* **SOURCE DATA**:
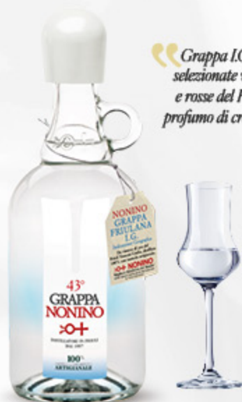
GRAPPA FRIULANA NONINO 70CL
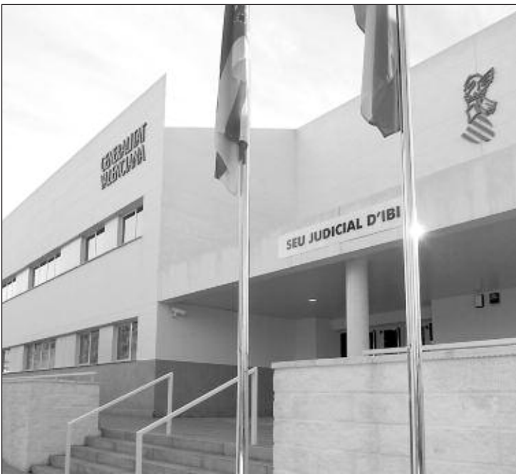
El Palacio de Justicia fue inaugurado en 2009
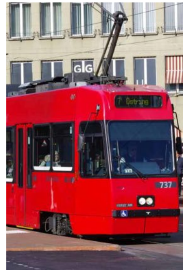
ILL. „BERNER TRAM“
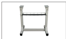
Réf. 719202A Socle
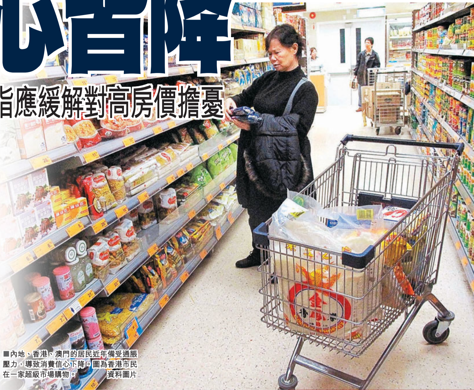
■內地、香港、澳門的居民近年備受通脹壓力,導致消費信心下降。圖為香港市民在一家超級市場購物。

此項調查由香港城市大學、澳門科技大學、台灣輔仁大學、首都經濟貿易大學、中央財經大學與中國人民大學共同完成。

* **EXERCISE BRIEF**:
Only the lines from the one containing "El Palacio de Justicia fue inaugurado en 2009" through the last line of the entries above, both included, belong in the answer, written out exactly; pictures do not.

* **ANSWER**:
El Palacio de Justicia fue inaugurado en 2009
ILL. „BERNER TRAM“
Réf. 719202A Socle
■內地、香港、澳門的居民近年備受通脹壓力,導致消費信心下降。圖為香港市民在一家超級市場購物。

此項調查由香港城市大學、澳門科技大學、台灣輔仁大學、首都經濟貿易大學、中央財經大學與中國人民大學共同完成。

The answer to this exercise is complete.